I found the premise very compelling, and I would like to analyze the meaning of “blurring boundaries” through topics treated at the conference, but getting to a more extended view.
Tomás Saraceno is an Argentinean artist who studied Architecture in Buenos Aires University. Previous to the conversation with Juan Herreros, he showed examples of his current work, as the study of the 3d formation of Spider webs, and the installation “On Space Time Foam”, currently displayed at the Hangar Biocca in Milan, Italy.
Both installations show different sides of Saraceno’s preoccupations on social interaction issues, with roots in the Architectural field, as shown in his treatment of three-dimensional space.
Personally, I found the studies on the spider web structure quite obsessive and over-demanding in resources for the result achieved, since he used high technology equipment from MIT University in order to create an installation. On the other hand, the way in which he treats space, material and social interaction in the installation built in Hangar Biocca in Milan, achieves with much less resources a more interesting reading on the way in which the user may be able to interact with its built environment.

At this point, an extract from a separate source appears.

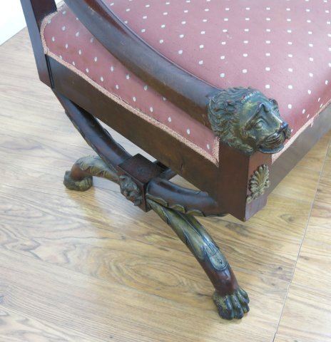 Approx. 34" H x 67 1/2" W x 27" D. Legs reinforced. Gilding worn. Marks & scratches.

The inflatable structure that changes depending on the pressure that the user makes on it, changing completely the relation user-structure of the rest of the people using it at the same time is a successful experiment from which the Architecture field could extract interesting and useful concepts.
Going further than the work explained by Saraceno at the conference, interesting by itself and with some connections with Architecture, I would like to make a reflection on the name of the conference, since I have my doubts on where should we blur the boundaries, if in the profession or in the professionals.
I rather would say that the boundaries in the profession should be pushed instead of blur. Find new formulas on how to carry on an Architecture practice nowadays.
In that matter, another conference held in Columbia on February 1st named “Score: The Barclays Center Arena and Other Non-Controversial Projects by SHoP Architects” by Gregg Pascuarelli presented a stronger proposal on how to work in pushing the boundaries of the profession. As their website states “use technology to build practice, see practice as technology”. In this case, Architecture stays clear as a profession, but the Architect blurs the limits of his traditional tasks and tools.
The same happens in the everyday more common Architecture Collectives. A formula which I undoubtedly support proposing the disappearance of the individual, of the ego, to perform a work more plural and more social, based on the needs of the users. The Architect become a group, changes its structure and methodologies.
Both approaches represent the current search for re-definition that Architecture is going through, both represented by a generation of young architects experimenting in exhibition spaces, building art installations, incorporating new technologies in project management, involving more people in every phase of a project… But I consider more interesting, more committed, more concern with the actual problem the efforts on changing the traditional role of the architect, more than the effort in blurring Architecture with other disciplines.